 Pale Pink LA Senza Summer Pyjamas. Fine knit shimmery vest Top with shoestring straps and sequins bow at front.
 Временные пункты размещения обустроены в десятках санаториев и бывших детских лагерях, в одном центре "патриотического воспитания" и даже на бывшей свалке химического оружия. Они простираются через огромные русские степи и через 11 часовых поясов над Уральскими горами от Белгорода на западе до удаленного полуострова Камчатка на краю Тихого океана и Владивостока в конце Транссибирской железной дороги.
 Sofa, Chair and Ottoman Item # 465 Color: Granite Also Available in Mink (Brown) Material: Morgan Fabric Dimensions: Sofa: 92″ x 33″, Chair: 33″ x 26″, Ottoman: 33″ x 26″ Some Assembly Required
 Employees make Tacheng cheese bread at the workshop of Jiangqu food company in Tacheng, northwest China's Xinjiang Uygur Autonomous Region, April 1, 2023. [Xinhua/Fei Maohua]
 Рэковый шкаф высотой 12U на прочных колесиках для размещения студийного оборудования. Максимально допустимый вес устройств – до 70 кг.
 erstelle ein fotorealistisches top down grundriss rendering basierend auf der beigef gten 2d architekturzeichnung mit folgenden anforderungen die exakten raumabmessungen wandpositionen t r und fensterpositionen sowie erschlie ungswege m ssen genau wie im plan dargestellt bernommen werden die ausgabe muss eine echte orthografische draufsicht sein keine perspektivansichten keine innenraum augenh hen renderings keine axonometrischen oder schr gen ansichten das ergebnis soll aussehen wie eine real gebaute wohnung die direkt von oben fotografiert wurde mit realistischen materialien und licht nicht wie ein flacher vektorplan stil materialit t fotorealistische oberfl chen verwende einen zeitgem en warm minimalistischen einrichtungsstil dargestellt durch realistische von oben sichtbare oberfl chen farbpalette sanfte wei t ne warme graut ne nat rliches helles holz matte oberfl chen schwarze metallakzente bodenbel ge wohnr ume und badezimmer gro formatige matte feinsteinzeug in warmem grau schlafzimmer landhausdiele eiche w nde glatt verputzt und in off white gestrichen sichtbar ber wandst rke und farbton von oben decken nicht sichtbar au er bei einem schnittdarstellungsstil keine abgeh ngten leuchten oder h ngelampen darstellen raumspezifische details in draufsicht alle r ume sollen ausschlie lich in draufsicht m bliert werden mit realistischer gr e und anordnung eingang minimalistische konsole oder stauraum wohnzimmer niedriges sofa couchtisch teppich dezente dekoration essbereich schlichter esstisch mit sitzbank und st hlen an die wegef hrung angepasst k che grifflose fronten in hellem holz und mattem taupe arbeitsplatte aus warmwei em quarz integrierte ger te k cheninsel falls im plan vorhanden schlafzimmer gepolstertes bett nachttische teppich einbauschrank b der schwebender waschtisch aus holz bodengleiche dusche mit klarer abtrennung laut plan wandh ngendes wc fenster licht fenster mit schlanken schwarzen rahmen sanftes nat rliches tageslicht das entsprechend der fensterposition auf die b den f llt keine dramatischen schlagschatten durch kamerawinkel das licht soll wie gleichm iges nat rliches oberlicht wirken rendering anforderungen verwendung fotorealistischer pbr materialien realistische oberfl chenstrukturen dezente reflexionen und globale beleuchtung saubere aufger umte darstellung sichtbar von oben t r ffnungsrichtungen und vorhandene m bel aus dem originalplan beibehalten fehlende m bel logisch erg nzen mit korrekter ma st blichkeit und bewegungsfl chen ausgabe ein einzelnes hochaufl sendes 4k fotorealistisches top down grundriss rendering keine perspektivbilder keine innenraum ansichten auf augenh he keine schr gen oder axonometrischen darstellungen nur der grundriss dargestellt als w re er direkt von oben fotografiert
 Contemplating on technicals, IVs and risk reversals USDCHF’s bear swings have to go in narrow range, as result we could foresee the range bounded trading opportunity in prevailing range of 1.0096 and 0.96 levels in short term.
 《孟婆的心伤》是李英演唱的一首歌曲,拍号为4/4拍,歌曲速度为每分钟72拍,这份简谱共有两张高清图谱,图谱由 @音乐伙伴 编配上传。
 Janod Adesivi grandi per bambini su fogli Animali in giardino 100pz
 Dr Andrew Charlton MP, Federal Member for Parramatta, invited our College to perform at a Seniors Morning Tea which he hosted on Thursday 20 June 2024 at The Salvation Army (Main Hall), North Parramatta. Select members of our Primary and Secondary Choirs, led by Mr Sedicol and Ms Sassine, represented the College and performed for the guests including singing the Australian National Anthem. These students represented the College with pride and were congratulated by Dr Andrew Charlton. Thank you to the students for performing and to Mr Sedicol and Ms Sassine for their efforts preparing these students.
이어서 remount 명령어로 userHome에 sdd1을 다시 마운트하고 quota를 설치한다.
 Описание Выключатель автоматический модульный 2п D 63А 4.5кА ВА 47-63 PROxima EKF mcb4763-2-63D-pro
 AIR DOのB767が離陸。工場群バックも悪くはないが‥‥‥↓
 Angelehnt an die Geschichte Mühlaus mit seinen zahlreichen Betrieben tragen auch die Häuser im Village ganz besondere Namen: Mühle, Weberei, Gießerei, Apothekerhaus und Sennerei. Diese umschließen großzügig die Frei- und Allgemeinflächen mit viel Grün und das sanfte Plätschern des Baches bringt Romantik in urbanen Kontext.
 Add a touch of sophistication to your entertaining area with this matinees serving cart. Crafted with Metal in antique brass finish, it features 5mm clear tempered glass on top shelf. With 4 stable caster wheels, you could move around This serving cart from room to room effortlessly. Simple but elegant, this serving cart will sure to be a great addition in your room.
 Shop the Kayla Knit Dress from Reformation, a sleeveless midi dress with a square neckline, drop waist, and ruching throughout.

[What is expected] Give back the line containing "AIR DOのB767が離陸。工場群バックも悪くはないが‥‥‥↓" and all the lines after it through the end of the records, unchanged.

[Exercise answer]
 AIR DOのB767が離陸。工場群バックも悪くはないが‥‥‥↓
 Angelehnt an die Geschichte Mühlaus mit seinen zahlreichen Betrieben tragen auch die Häuser im Village ganz besondere Namen: Mühle, Weberei, Gießerei, Apothekerhaus und Sennerei. Diese umschließen großzügig die Frei- und Allgemeinflächen mit viel Grün und das sanfte Plätschern des Baches bringt Romantik in urbanen Kontext.
 Add a touch of sophistication to your entertaining area with this matinees serving cart. Crafted with Metal in antique brass finish, it features 5mm clear tempered glass on top shelf. With 4 stable caster wheels, you could move around This serving cart from room to room effortlessly. Simple but elegant, this serving cart will sure to be a great addition in your room.
 Shop the Kayla Knit Dress from Reformation, a sleeveless midi dress with a square neckline, drop waist, and ruching throughout.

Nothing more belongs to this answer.